226+48=274 Electoral votes.
Valerie's man-child was able to seize 26 states plus the DC region. That would net her team 55 EVs.
209+55=264.
Romney would be the one working to rebuild America, instead of Hussein doing Val's bidding in destroying the republic.
Pure democracy is two wolves and a sheep voting on what to have for dinner.
A democracy cannot exist as a permanent form of government. It can only exist until the voters discover that they can vote themselves money from the Public Treasury. From that moment on the majority always votes for the candidates promising the most benefits from the Public Treasury with a result that a democracy always collapses over loose fiscal policy always followed by dictatorship. The average age of the worlds greatest civilizations has been 200 years. Sir Alexander Fraser Tyler Decline and Fall of the Athenian Republic
I wonder how that would have worked in Bush and Clinton years too.

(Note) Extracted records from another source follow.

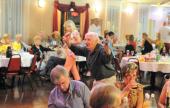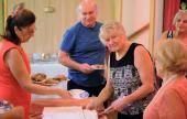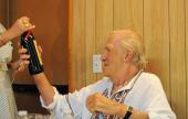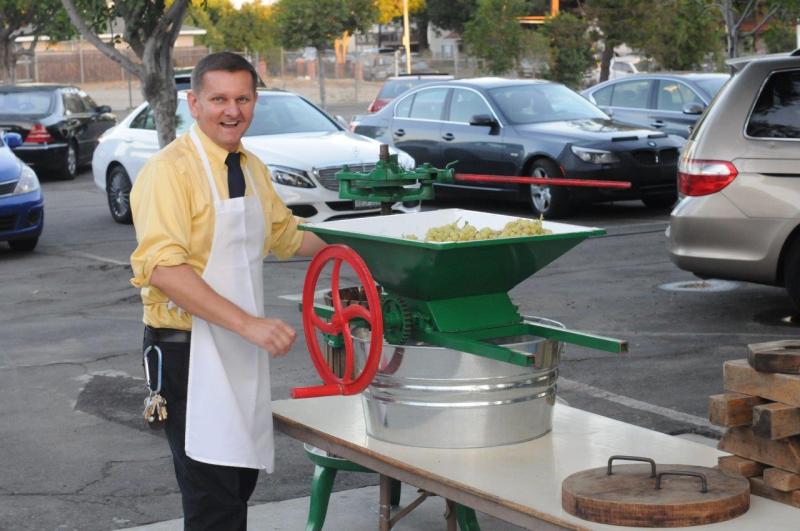 Az Ontarioi Magyar Református Egyház őszi programjainak kezdetét jelzi minden évben a szüreti mulatság. A San Bernardino megyében élő magyarság tagjai közül a rendezvényen majd százan vettek részt. A termésért való hálaadási ünnepségen főként magyarok voltak, de szép számmal jelentek meg amerikai családtagok, ismerősök is. Köszöntőjében főtiszteletű Szabó Sándor, az Amerikai Magyar Református Egyház tiszteletbeli püspöke, a gyülekezet lelkipásztora emlékeztetett a tradíciók ápolásának fontosságára. A hagyományok őrzését már a bejárat előtt felállított szőlőprés és öt láda szőlő jelezte. Az este folyamán a szőlőből kipréseltük a mustot, amit a vendégek mind el is vittek magukkal. A szüreti mulatság jó hangulata és a friss must zamata mellé az ételeket az Ontario-i Egyház Nőegyletének tagjai készítették, Jankovits Mária presbiter vezetésével. Szép példája ez a közösség összetartó erejének. A stílusos és hangulatos programról a Magyarországról érkezett Dömsödi Farkas Bálint énekes gondoskodott, aki dalaival egész este táncoltatta a vendégeket. A vidám és a felszabadul hangulatú rendezvényen a jórészt nyugdíjas korú vendégek meglepő kitartással ropták a táncot. A hangulat egész esete nagyszerű volt. Több mint 9000 kilométerre a Magyarországtól, ha nem állnak pálmafák az ablak alatt, meg sem lehetett volna mondani, hogy nem a Kárpát-medencében vagyunk. Az igazán kitartóak hajnali egyig maradtak.
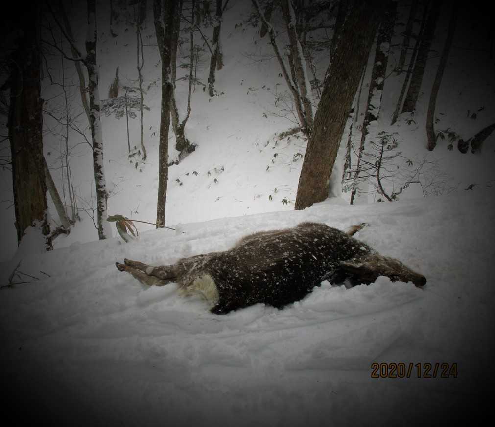 本格的な冬将軍がやってきて、やっとスノーモービルの出番となった。よって、今日はスノーモービルの初乗りで、果たして今シーズンも乗りこなせるのかを試すため出猟した。2~3日前からの積雪は山の林道では、スノーモービルから降りると膝上まで(約60cm)抜かる。ここの所の「しばれ(凍る)」で雪が締まっていなくて、林道のチョットした窪みにも傾き、持って行かれる危うさがあり、立乗りでバランスを取るのに緊張しながらの走行である。林道の窪みなどを見ながらの走行中に、ハット気付けば目の前にシカ残念ながら、なすすべもなく走り去られるこんなことの繰り返しだった今日の初乗りで今シーズンもなんとか乗りこなせる自信が付いた
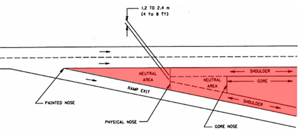 Più precisamente le anomalie segnalate a Tesla prima della fatalità avevano provocato un comportamento imprevisto della Model X, deviandola all’improvviso verso quella che viene definita “gore area” ovvero la porzione di carreggiata che separa la corsia dell’autostrada che prosegue dritta da quella che invece porta al casello di uscita. Per capire meglio di cosa si sta parlando l’abbiamo evidenziata in rosso nell’immagine seguente, prelevata da un documento del Dipartimento dei Trasporti statunitense. Il conducente vi aveva posto rimedio correggendo con prontezza la traiettoria.
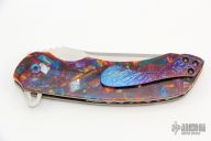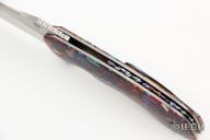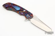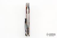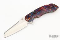 This custom Wayfarer flipper features a satin finished blade, notched thumbrest and hollow flipper. The handle has glossy new patchwork composite scales with entropic pivot, floating carved entropic backspacer, tip up titanium clip. Great action that requires no wrist movement. Nice detent and lockup. Comes with COA Dated 12/18/2020. W1234 inside backspacer. Excellent Condition.
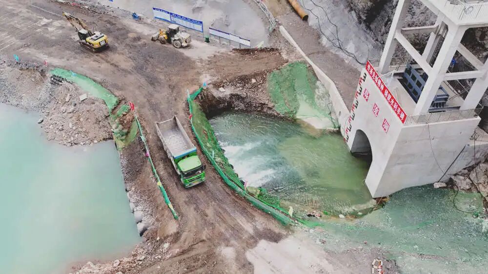 下午3时,满载石块、石渣料的自卸车在挖掘机的配合下,有序地将石块倾卸到河中进行回填,推土机、压路机在现场来回穿梭,对围堰进行加固。随着围堰“龙口”越来越窄,河水顺利通过导流洞下泄,截流取得圆满成功。
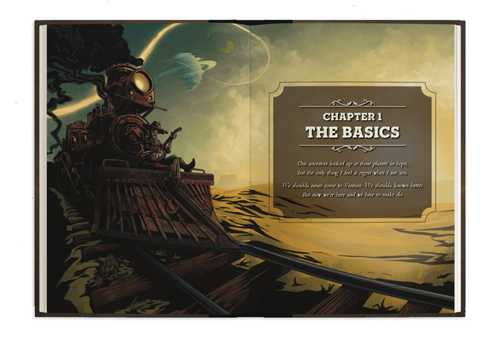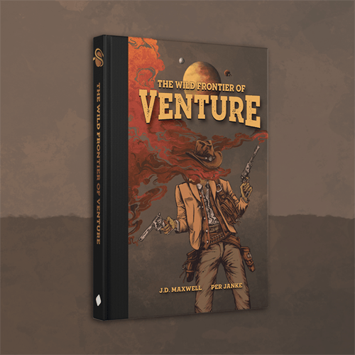 The Wild Frontier of Venture: A 200-page hardcover RPG book with a clean layout, over 100 evocative illustrations, and a focus on easy reference and cinematic storytelling.
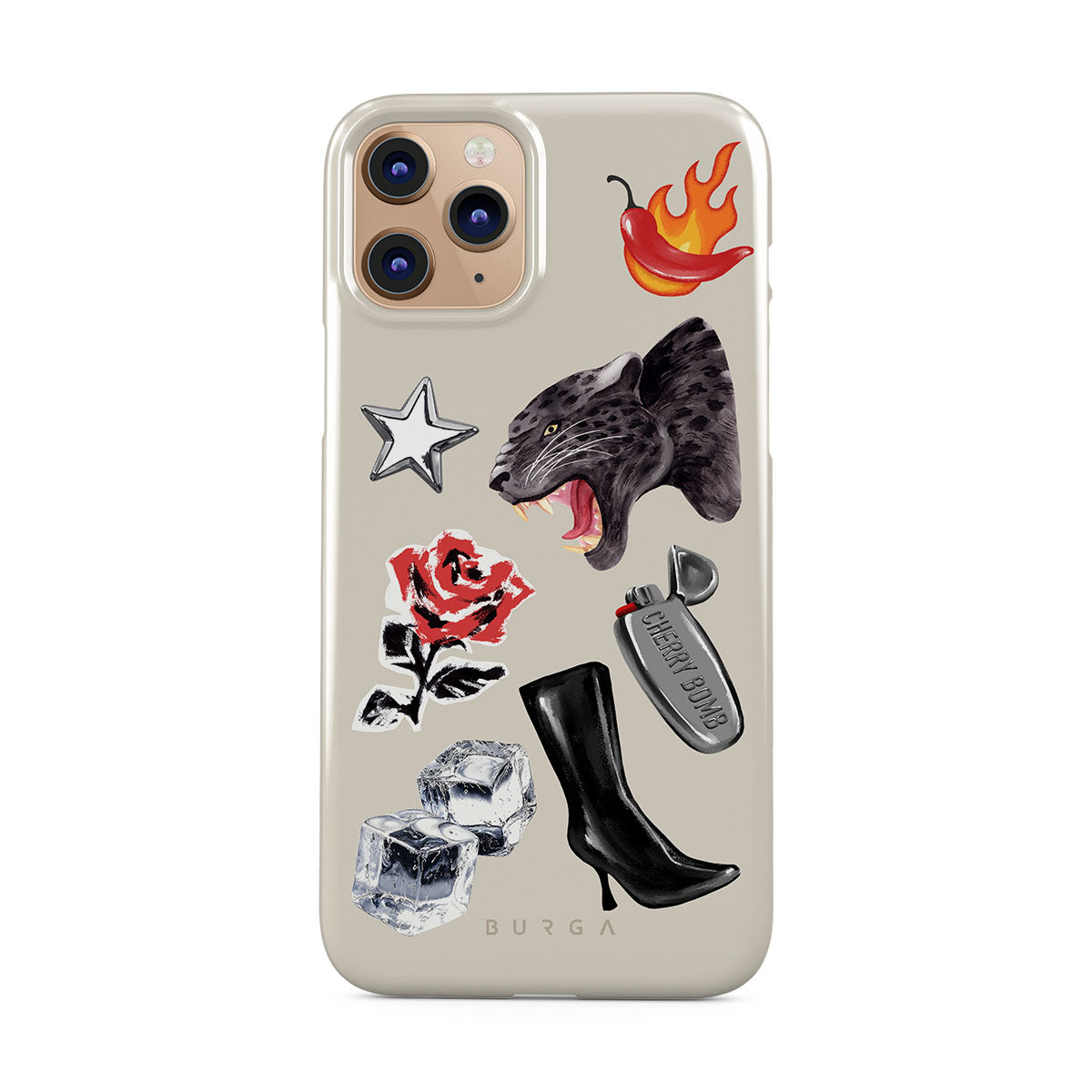 This design features: black panther, red rose, burning bell pepper, silver lighter, black knee-high boots, ice cubes, silver star
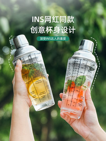 pc雪克杯亚克力调酒器带刻度摇杯奶茶专用工具雪克壶...
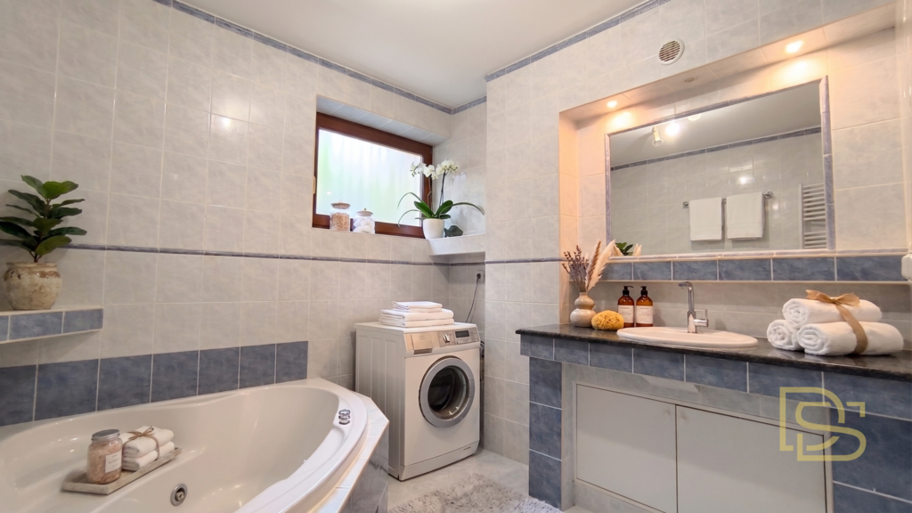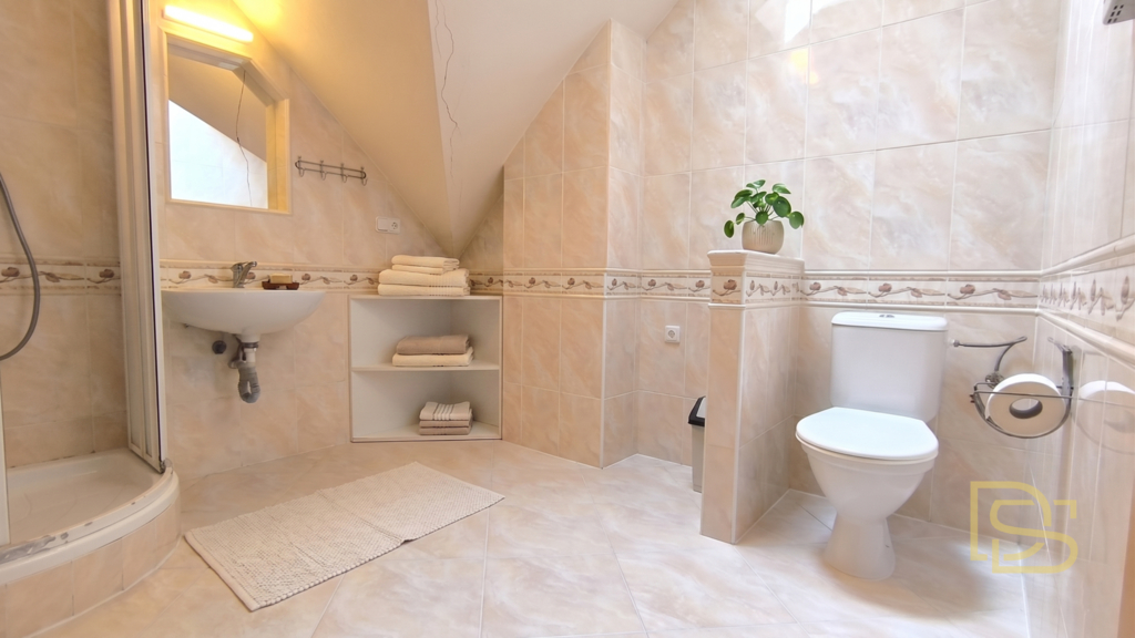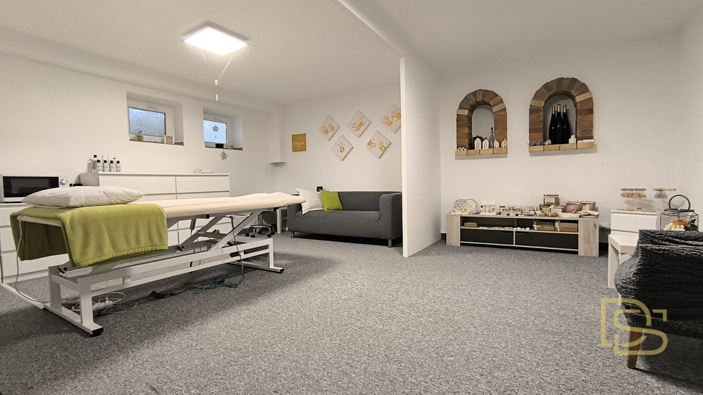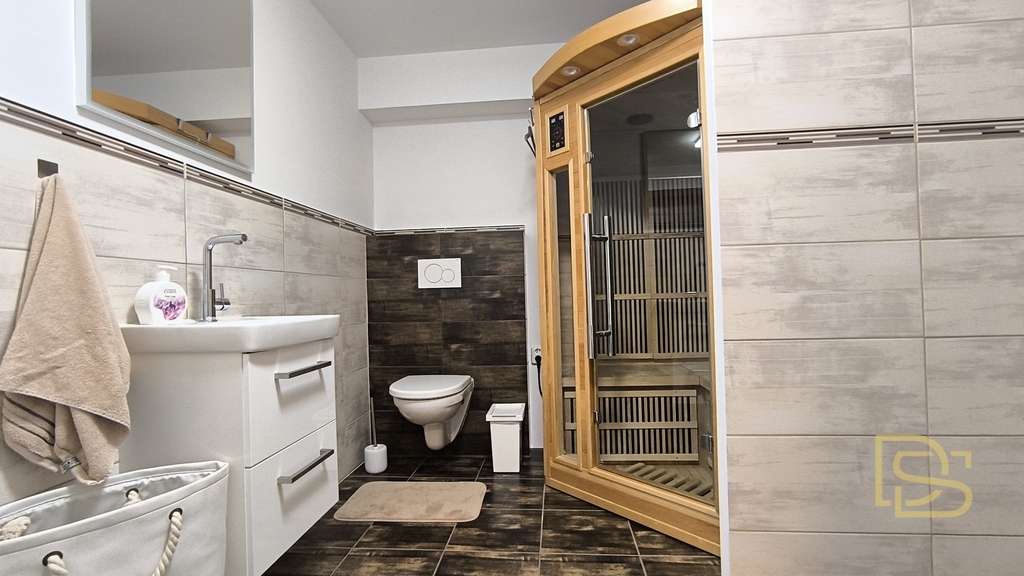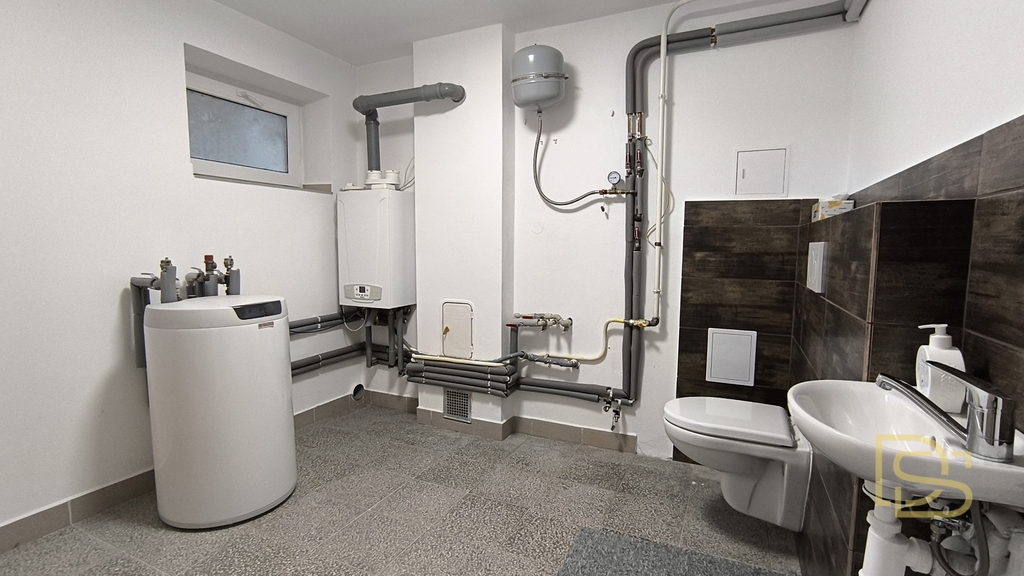 • Suterén: prostor pro vlastní podnikání (kolaudované prostory pro masážní služby), dále koupelna se sprchovým koutem, toaletou a infra saunou a technická místnost s plynovým kotlem a bojlerem pro ohřev vody.
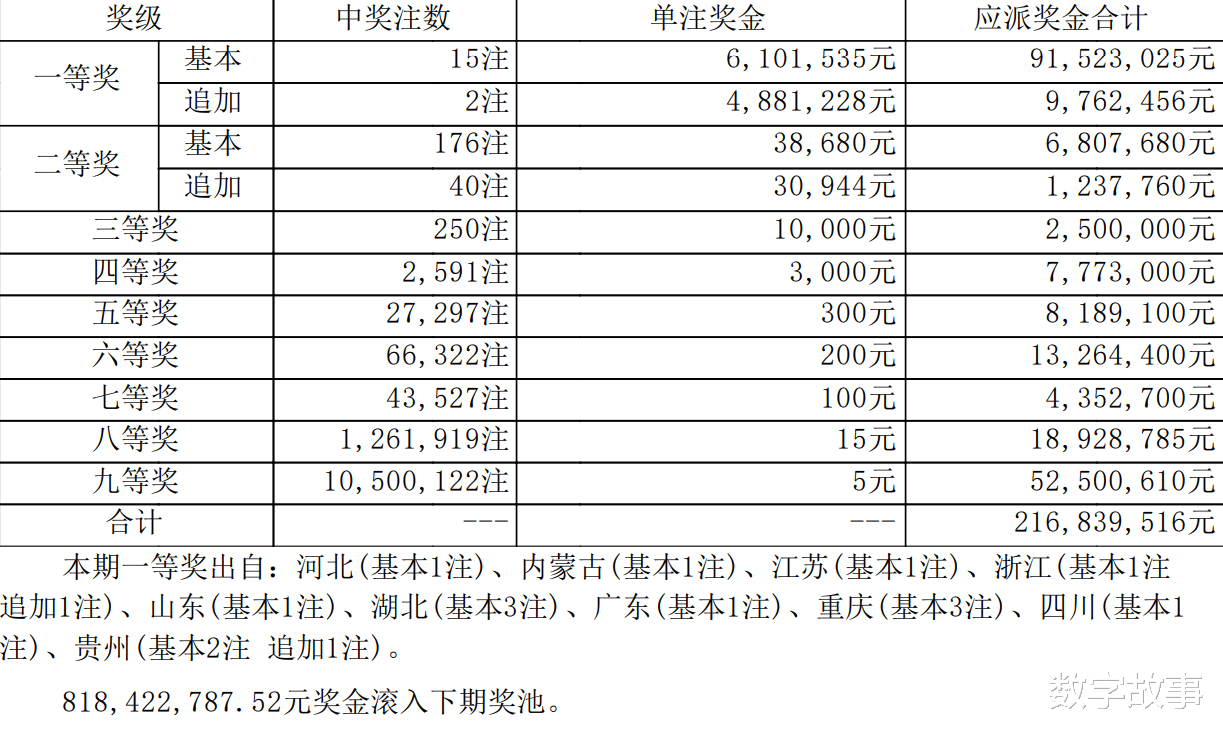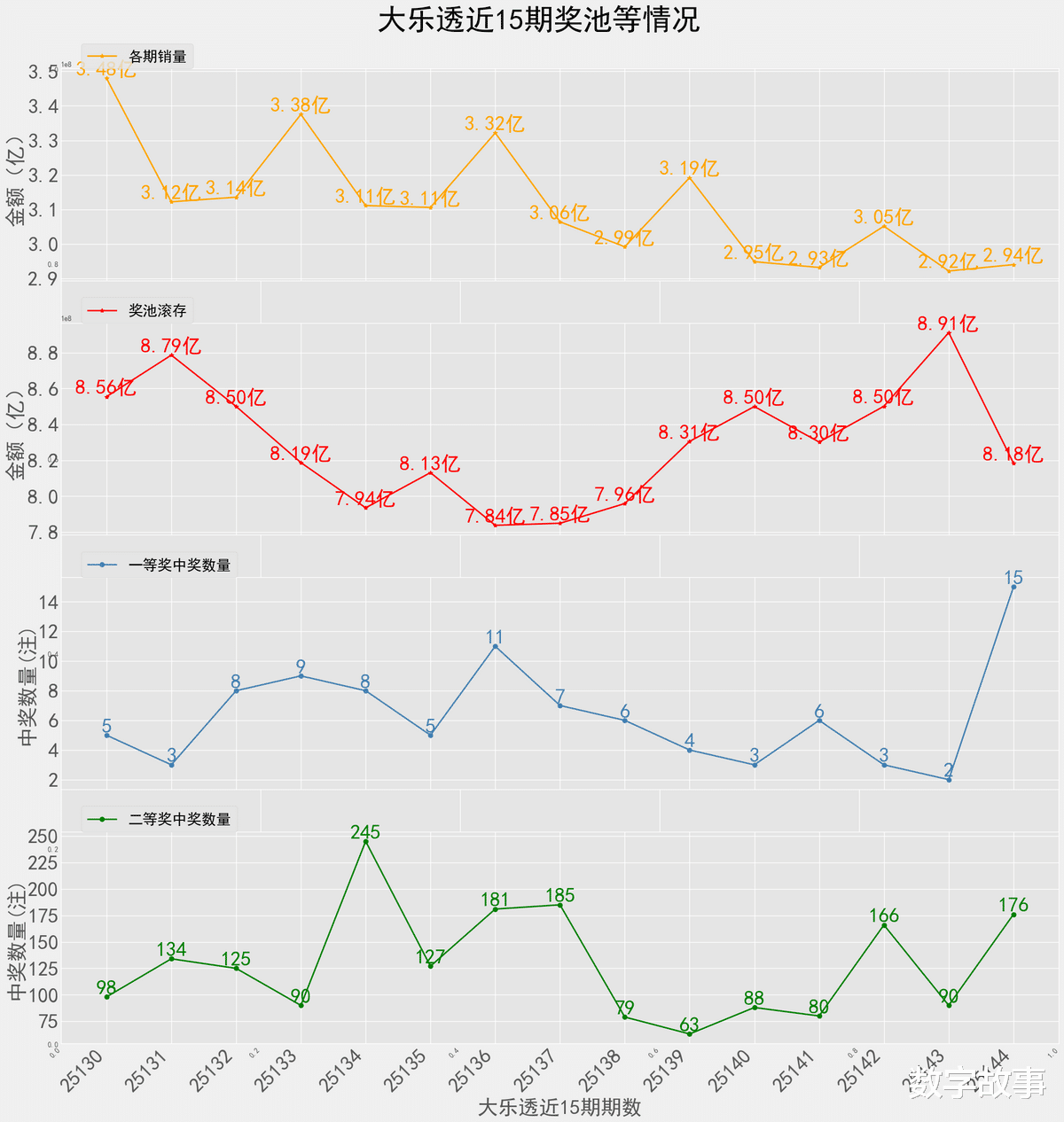 大乐透25144期一等奖:15注,追加: 2注二等奖:176注,追加: 40注。本期全国销售金额:2.940 亿 奖池滚存:8.184 亿.近15期奖池滚存, 中奖情况等信息:
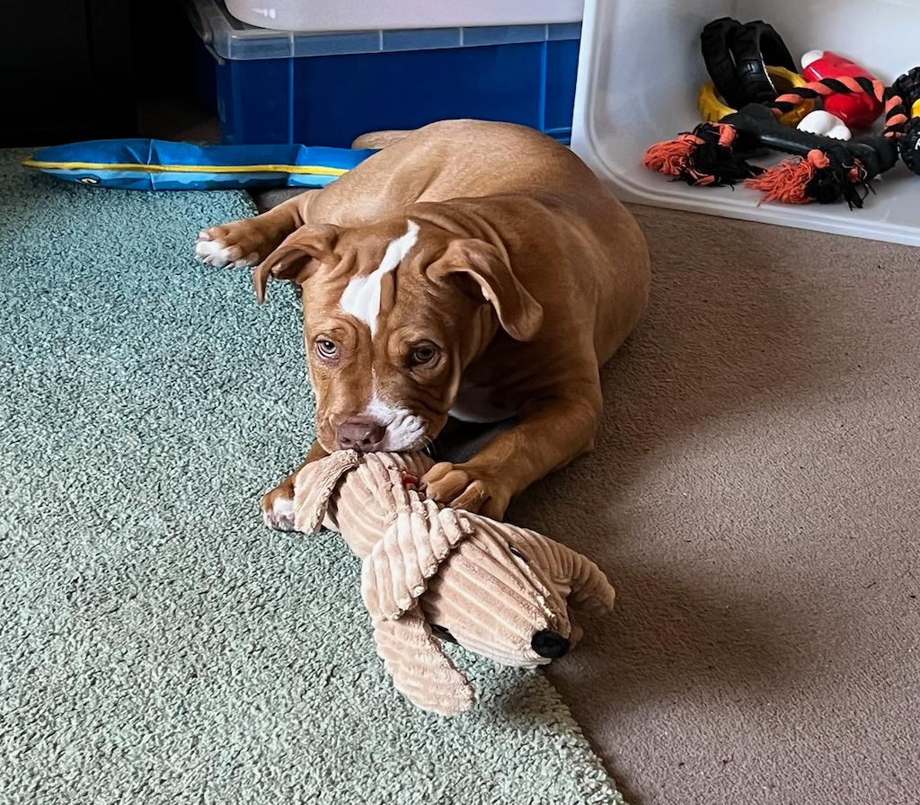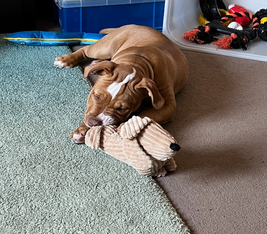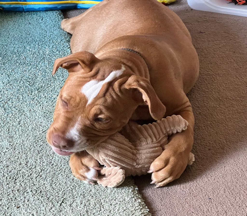 We all know that Hector has his favourite cuddle companion 'little grey' that he takes to bed with every night and part of the PetFace range is a sausage dog that I thought he might also like. Turns out that the sausage dog is the next victim to his chew and destroy game plan.

We should also oppose winner-take-all states in primaries. It should be district by district goes to the district winner. Blue states are winner-take-all, they vote for the more liberal republican, they allow cross-over voting, and they tilt the victory toward the establishment.
There are three basic systems as state can use, with some degree of vaitiaon in each:
1. Winner-take-all, the system most states use. If you carry the state, you get all the electoral votes.
2. The district system, which Nebraska and Maine use. If you carry the state, you get the two “at large” electors, but the candidate that carries each congressional district gets that district’s elector.
3. Proportional representation, which I don’t believe any state uses. Simply put, if you get 51 percent of the votes, you get a slight majority of the electors. if you get 60 percent, you get 3/5 of the electors (or as close as they can get to that.)
Constitutionally, it is up to the legislature of each state to determine how electors shall be chosen. (They could just do it themselves, if they so chose.)